Estimates for how much house prices will fall over the short term are all over the map, and depend on factors particular to the kind of residential property and location.
RBC Economics — a conservative and relatively accurate source for housing market projections — recently released a report calling for a 12 per cent price correction for the housing market from last February’s peak, by next winter.
“We’d argue the unfolding downturn should be seen as a welcome cool-down following a two year-long frenzy that put a huge financial burden on many new homeowners and made ownership dreams harder to achieve,” wrote RBC Assistant Chief Economist Robert Hogue in the report.
That’s cold comfort for homeowners watching their investment shrink from a valuation that never really was. Many stories are emerging in the media of homeowners selling below their arbitrary asking price and referring to the difference as a loss; like it was money in the bank.
In many cases those valuations have doubled and tripled in the past decade or so beyond the real intrinsic value of the home.
And that’s why it’s called a correction; a return of an asset price to its real intrinsic value. Economists with the Canada Mortgage and Housing Corporation (CMHC) have long said the average price of an average home has consistently risen at least five per cent each year in any 25-year period since the Second World War, and there’s no foreseeable reason for the future to be any different.

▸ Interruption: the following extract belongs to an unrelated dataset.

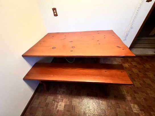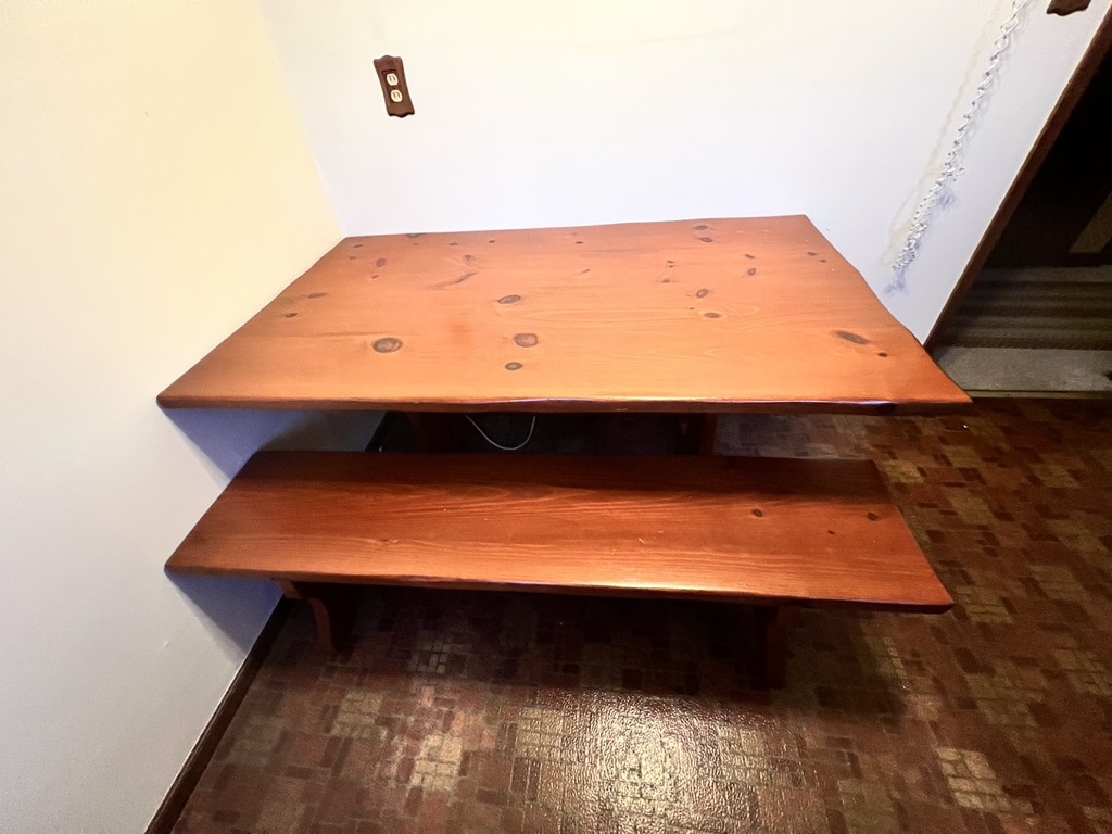 Knotty pine picnic style Trestle table w/2 benches, Wonderful! This is 5' long, 29" high, and 29" deep, the 2 benches are each 5' long, x 13" deep x 18" high. Super under a window, great against a wall, the benches nest into the table for ease of storage, making a great serving table. Lovely condition.

The one thing all corrections have in common is their tendency to mess with our heads because our deepest fear is that they will continue toward a collapse.

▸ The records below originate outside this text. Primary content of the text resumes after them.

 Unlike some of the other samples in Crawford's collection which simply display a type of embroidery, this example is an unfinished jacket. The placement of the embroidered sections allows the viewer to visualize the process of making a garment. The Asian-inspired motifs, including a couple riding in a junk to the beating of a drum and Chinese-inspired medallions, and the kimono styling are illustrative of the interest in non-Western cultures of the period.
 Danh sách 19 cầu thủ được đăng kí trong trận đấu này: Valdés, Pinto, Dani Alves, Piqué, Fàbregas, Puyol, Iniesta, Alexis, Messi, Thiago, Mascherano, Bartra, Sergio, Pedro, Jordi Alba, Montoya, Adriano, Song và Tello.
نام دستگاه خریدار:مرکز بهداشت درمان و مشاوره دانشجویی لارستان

Long-term perspective is the best remedy for short-term fear, at least in this case.
The S&P 500 is a good example of how corrections correct because the index holds a diversified cross section of stocks that reflect the broader markets. Through the close of trading Thursday, the benchmark was down almost 15 per cent this year: officially a correction.
However, the value of the S&P 500 has skyrocketed about 65 per cent over the past five years.
Similarly, the technology-heavy Nasdaq 100 has gone beyond correction territory into bear market territory after sinking nearly 25 per cent from its Dec. 1, 2021 high.
Even in bear market territory, the Nasdaq 100 is up nearly 90 per cent over the past five years.
Corrections become much clearer when you look at long-term charts and realize you might be losing sleep over a short-term blip.
Oh, and corrections work both ways. As RBC points out, a housing correction brings opportunity for homebuyers — just like equity market corrections bring opportunity for investors to possibly buy below the real intrinsic value.
Here’s an idea for homeowners and investors with correction anxiety. Search for long-term price charts from credible online sources, print them out, and paste them on your refrigerator.
Each time you open the fridge you should get an added blast of cool.